START RECORD EXCERPTS

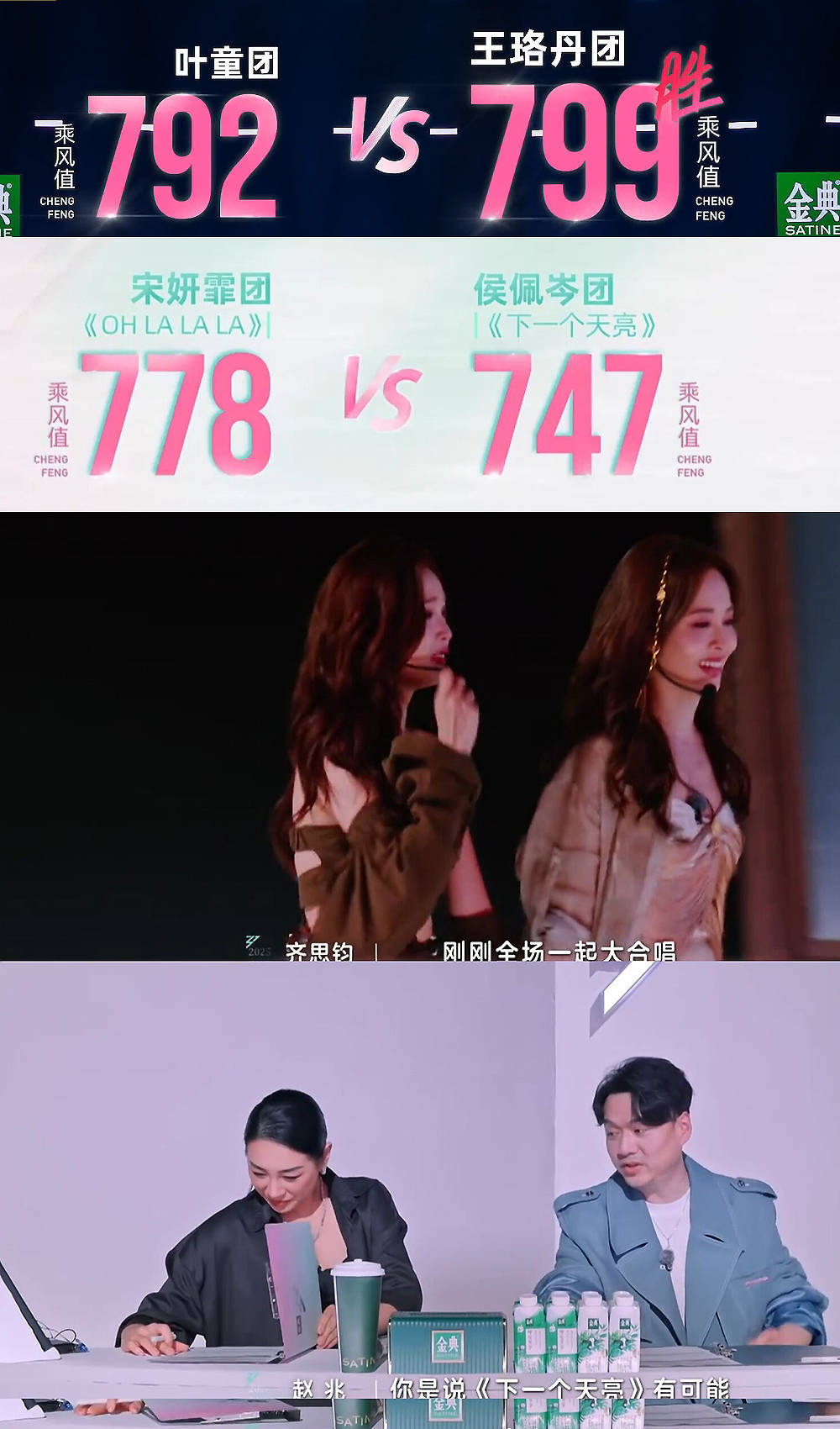 叶童组能赢,叶童绝对是居功至伟,有人气、有帅气、还努力,而且如果说侯佩岑组是主打不同年龄组女性的碰撞,那么叶童组则是包容性,组员是来自各个领域,大小不一各有特色,但在一起又分外和谐,所以这次赢也说得过去,但问题是侯佩岑的“天亮组”可以输,但凭什么垫底?还是断层倒一,只获得747与宋妍霏组差了30票,与最高的799差了52票,表演时的全场大合唱是唱假的吗?这氛围连淡淡都觉得可能会赢,结果是分数垫底倒数第一吗?
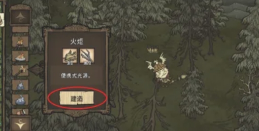 在照明栏中找到火把的制作配方,使用树枝和草制作火把。火把不仅可以照明,还可以用来点燃可燃物。
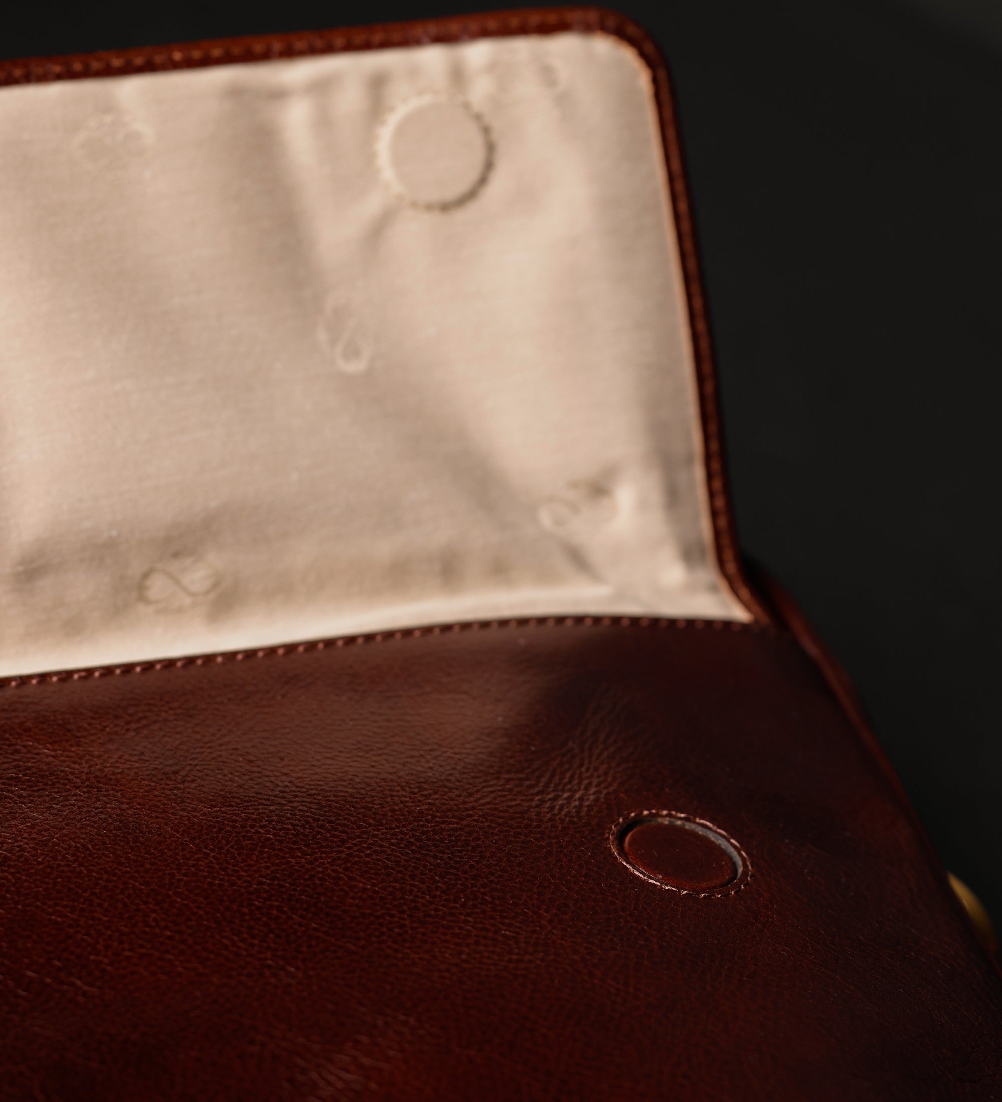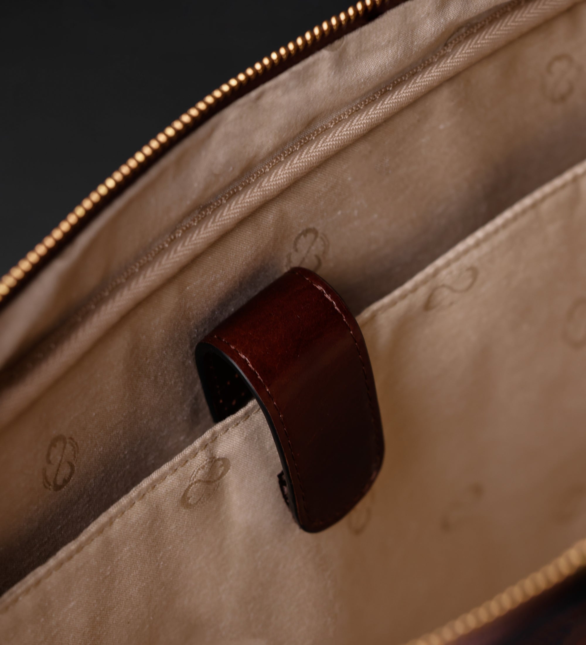 The Sheltering Sky – den här portföljen i läder är en utmärkt följeslagare på jobbet eller vid studier. Dess gedigna utseende är perfekt anpassat för både mäns och kvinnors behov. Den är tillverkad i italienskt fullnarvsläder och levereras den med en trolleyrem och en avtagbar axelrem, vilket gör den en perfekt parter vid resor. De rymliga facken rymmer enkelt papper i Legal-format, A4-dokument och mappar, dessutom har den även plats för en 15-tums laptop. Och om inte detta räcker – har vi gjort en extra ficka med lock på framsidan och en extra stark magnetstängning, perfekt för att hålla dina viktiga saker lättillgängliga.
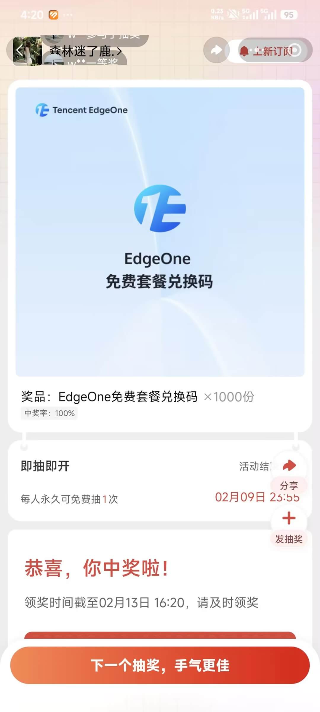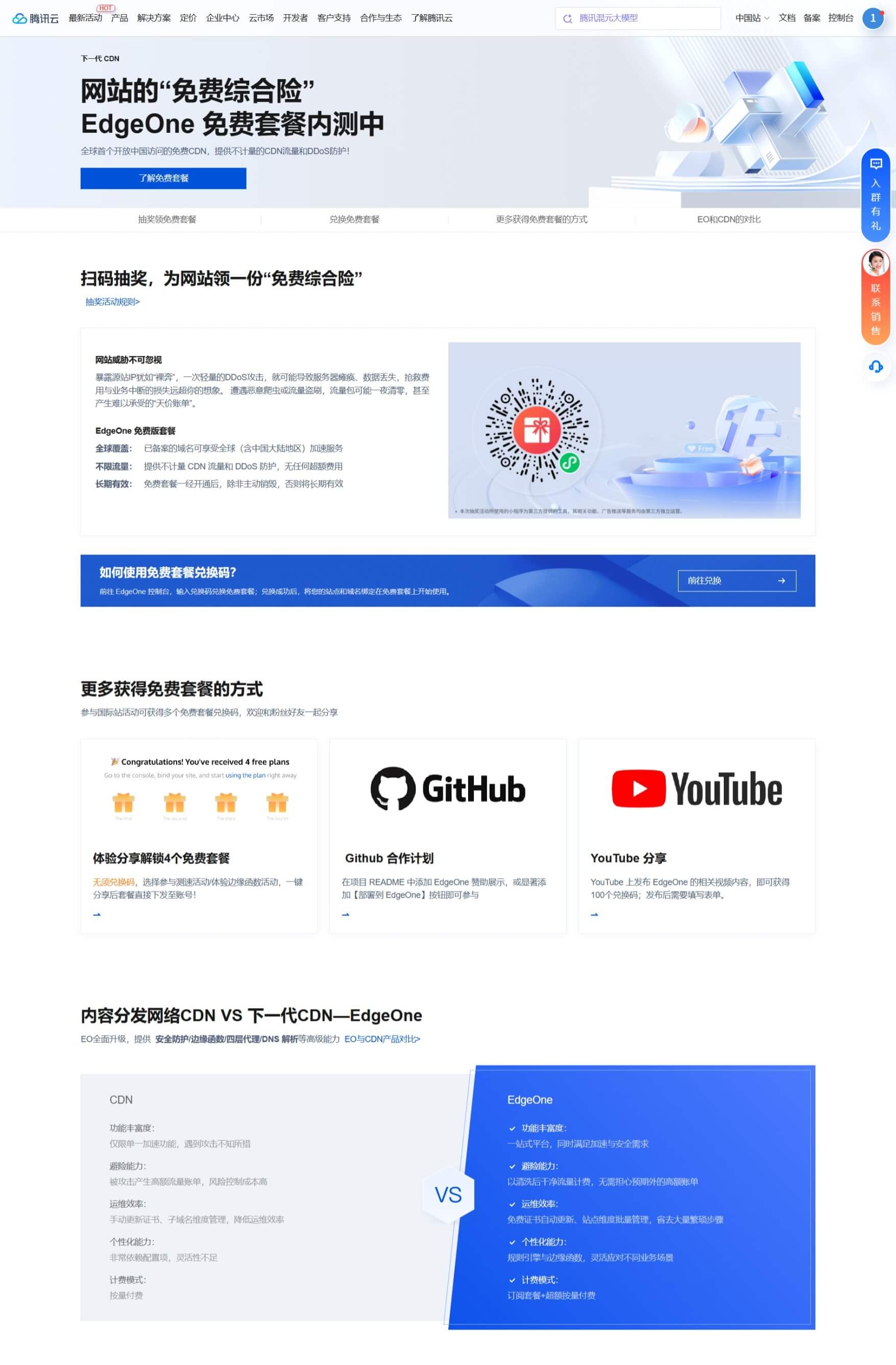 之前我在各大论坛都看到大佬们用上了腾讯的EdgeOne加速,那个时候需要去邀请人啊,发帖啊那些才能获得邀请码。就没有去捣鼓研究这个。近段时间在QQ群看到申请邀请码不需要发帖搞这些了,直接扫码抽内测码100%中,然后我就来试了下直接抽中,就来使用了下这个配置也很快,我域名刚好也在腾讯云直接使用的一键托管配置。简单的设置了下SSL证书,调整了下防护策略就可以了。大家直接去腾讯云搜索EdgeOne然后点击到这个页面,用微信扫页面的那个二维码就可以了。然后在页面上输入邀请码进行兑换。活动持续到2月9号。需要的大家可以去用用,加速效果挺不错的肉眼可见的快。
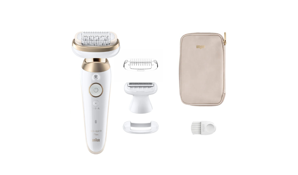 Braun Silk-épil 9-Flex עם ראש רחב להסרת שיער מהירה במיוחד. ליהנות משבועות של עור חלק כמו אצל הקוסמטיקאית הודות לטכנולוגיית Micro-Grip וראש רחב ב-40% המסיר שערות קצרצרות מאורך 0.5 מ"מ. ראש הגילוח והקוצץ מעניקים אפשרויות נוספות להסרת שיער באזורים רגישים. האפילטור לנשים חסין במים ב-100% ומאפשר להסיר שיער באמבטיה או במקלחת להסרת שיער ללא כאב.
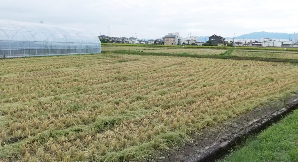 朝、ちゃんとあったはずの稲が夕方にはもう刈ってありました🌾
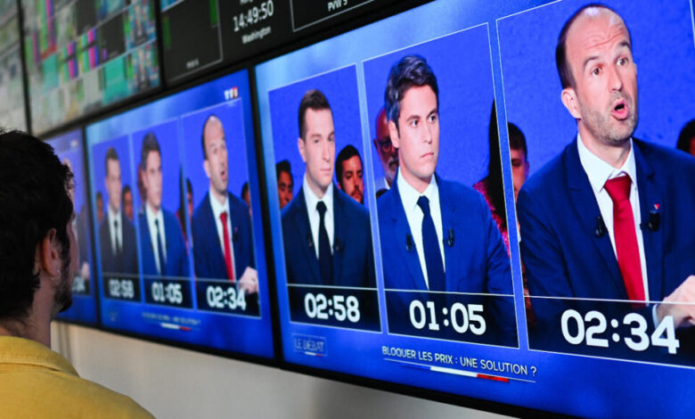 قبل خمسة أيام من الانتخابات التشريعية المرتقبة، ناقش كل من غابرييل أتال، وجوردان بارديلا، ومانويل بومبارد المواضيع الرئيسية في برامجهم في أول منظارة بينهما. وشملت النقاشات قضايا القوة الشرائية، والمعاشات التقاعدية، والأمن، وحتى الهجرة. وكانت محكمة الدولة قد رفضت سابقاً طلب الحزب الجمهوري (LR) بالمشاركة في المناظرة المتلفزة على قناة TF1.
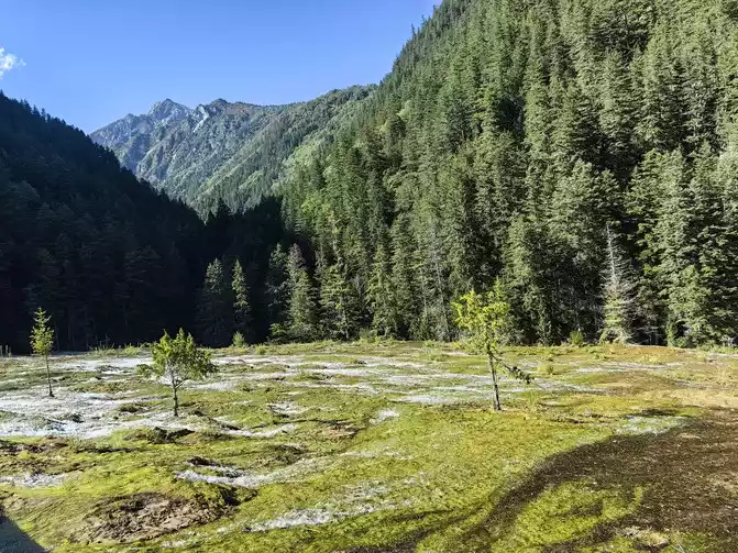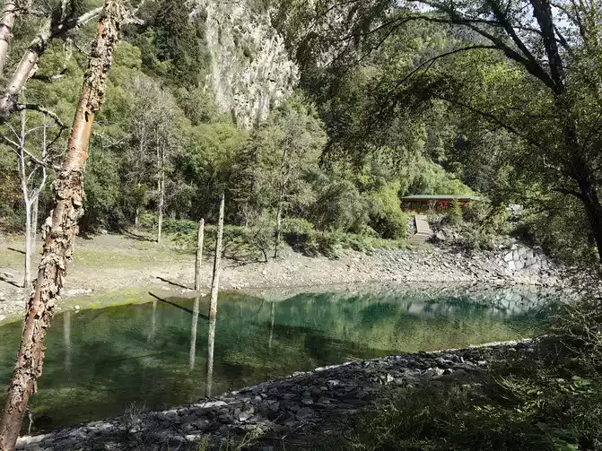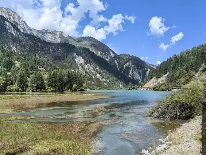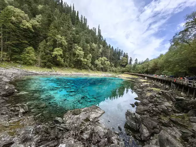 Panda Sea is a glacial dammed lake with an altitude of 2,574 meters, named after pandas operating here. Under the sunlight, the ripples of the Panda Sea reflect brilliant colors, giving people a sense of confusion.
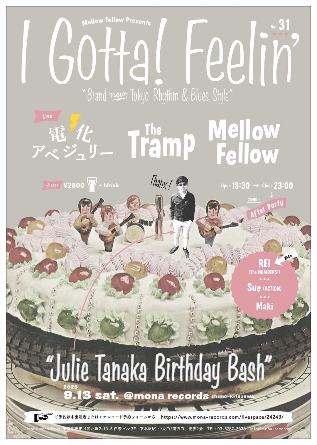 出演charge¥2800 +1d Open 18:30~Close 23:00 ~after party🍻 【Live】 ・電化アベジュリー ・The Tramp ・Mellow Fellow 【Dj】 ・REI(The NUMBERS!) ・Sue(ACTION) ・Maki
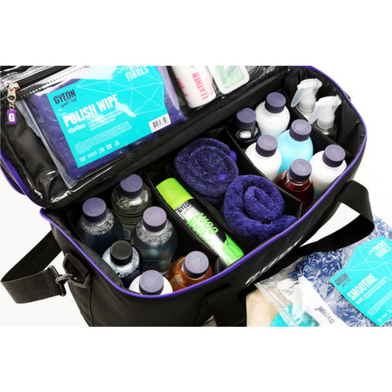 Die Gyeon Detailer Tasche ist optimal zum verstauen seiner Pflegeprodukte, um diese auf Treffen oder zur Waschbox mitzunehmen. Im großen Fach der Tasche, lassen sich die Trennwände mittels Klettverschluss variabel anbringen, auf der oberseite lassen sich perfekt Bürsten und Kleinigkeiten verstauen. Im oberen Fach lassen sich diverse Mikrofasertücher Bürsten und Klinequitment sicher vertauen. Insgesamt ist die Gyeon Detail Bag big eine sehr hochwertig verarbeitete Tasche.
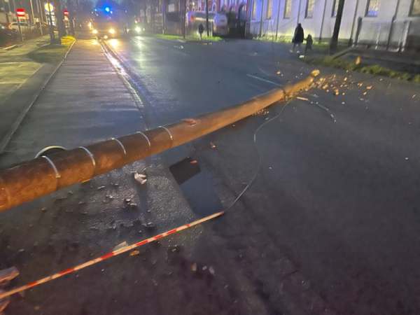 Ein Elektrofachunternehmen und der Rüstwagen Logistik (RW-L) wurden nachalarmiert, da Beleuchtungsteile und Kabel abgerissen wurden und die Betonsäule mittels Seilwinde von der Fahrbahn gezogen werden musste. Nachdem die Fahrbahn geräumt wurde, konnten durch die Fachfirma weitere Beleuchtungssegmente entnommen werden.
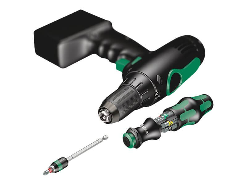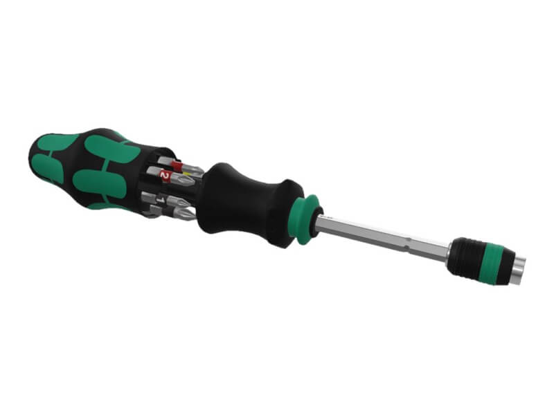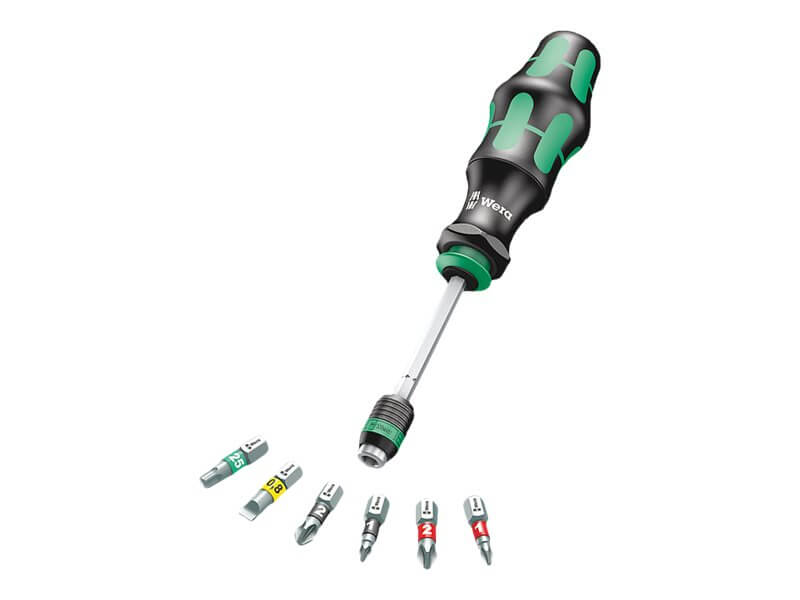 Ergonomischer Griff, Schnellverschlussmechanismus, teleskopisch, farblich codierte Bits, Schnellwechsel-Bithalter, Handhalter mit Abrollschutz, Rapidaptor-Technologie

END RECORD EXCERPTS

_DESCRIPTION OF THE TASK_
With the pictures omitted, print the lines above exactly, beginning at the line with "之前我在各大论坛都看到大佬们" and going on through the line with "朝、ちゃんとあったはずの稲が夕方にはもう刈ってありました🌾".

_ANSWER AREA_
 之前我在各大论坛都看到大佬们用上了腾讯的EdgeOne加速,那个时候需要去邀请人啊,发帖啊那些才能获得邀请码。就没有去捣鼓研究这个。近段时间在QQ群看到申请邀请码不需要发帖搞这些了,直接扫码抽内测码100%中,然后我就来试了下直接抽中,就来使用了下这个配置也很快,我域名刚好也在腾讯云直接使用的一键托管配置。简单的设置了下SSL证书,调整了下防护策略就可以了。大家直接去腾讯云搜索EdgeOne然后点击到这个页面,用微信扫页面的那个二维码就可以了。然后在页面上输入邀请码进行兑换。活动持续到2月9号。需要的大家可以去用用,加速效果挺不错的肉眼可见的快。
 Braun Silk-épil 9-Flex עם ראש רחב להסרת שיער מהירה במיוחד. ליהנות משבועות של עור חלק כמו אצל הקוסמטיקאית הודות לטכנולוגיית Micro-Grip וראש רחב ב-40% המסיר שערות קצרצרות מאורך 0.5 מ"מ. ראש הגילוח והקוצץ מעניקים אפשרויות נוספות להסרת שיער באזורים רגישים. האפילטור לנשים חסין במים ב-100% ומאפשר להסיר שיער באמבטיה או במקלחת להסרת שיער ללא כאב.
 朝、ちゃんとあったはずの稲が夕方にはもう刈ってありました🌾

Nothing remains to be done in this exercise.